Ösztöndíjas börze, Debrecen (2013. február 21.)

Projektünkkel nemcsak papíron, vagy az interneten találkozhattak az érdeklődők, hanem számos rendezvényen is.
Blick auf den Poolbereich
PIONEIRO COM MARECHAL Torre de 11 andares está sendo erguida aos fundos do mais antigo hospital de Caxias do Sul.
⁂
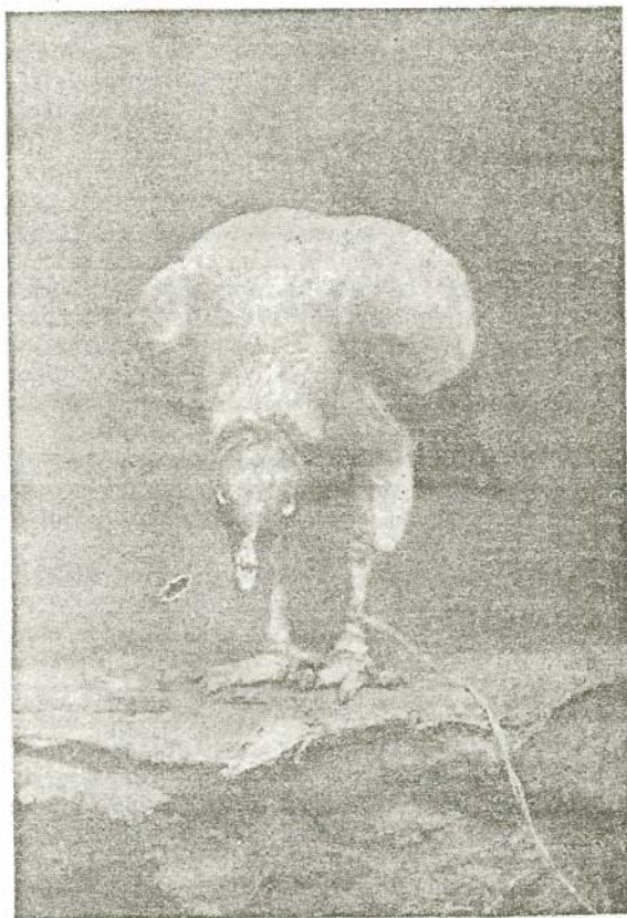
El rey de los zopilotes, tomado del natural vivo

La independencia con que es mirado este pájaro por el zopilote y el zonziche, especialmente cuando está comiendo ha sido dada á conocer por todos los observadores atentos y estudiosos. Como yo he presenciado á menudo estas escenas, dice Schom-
⁂
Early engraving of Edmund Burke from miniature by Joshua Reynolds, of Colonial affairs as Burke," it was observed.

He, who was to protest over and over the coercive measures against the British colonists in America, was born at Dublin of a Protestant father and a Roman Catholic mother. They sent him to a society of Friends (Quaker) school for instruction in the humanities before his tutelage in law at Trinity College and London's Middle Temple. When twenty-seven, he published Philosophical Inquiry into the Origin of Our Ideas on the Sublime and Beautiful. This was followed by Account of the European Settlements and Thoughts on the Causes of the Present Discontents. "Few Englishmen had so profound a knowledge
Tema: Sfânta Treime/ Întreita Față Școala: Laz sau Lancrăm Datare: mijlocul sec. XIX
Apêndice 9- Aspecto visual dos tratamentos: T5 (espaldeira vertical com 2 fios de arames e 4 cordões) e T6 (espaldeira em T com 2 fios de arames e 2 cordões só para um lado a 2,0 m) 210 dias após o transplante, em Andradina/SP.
⁂
Assignment: Throughout the records above, find the lines in which the word "está" appears and return them.

Solution to this problem:
PIONEIRO COM MARECHAL Torre de 11 andares está sendo erguida aos fundos do mais antigo hospital de Caxias do Sul.
La independencia con que es mirado este pájaro por el zopilote y el zonziche, especialmente cuando está comiendo ha sido dada á conocer por todos los observadores atentos y estudiosos. Como yo he presenciado á menudo estas escenas, dice Schom-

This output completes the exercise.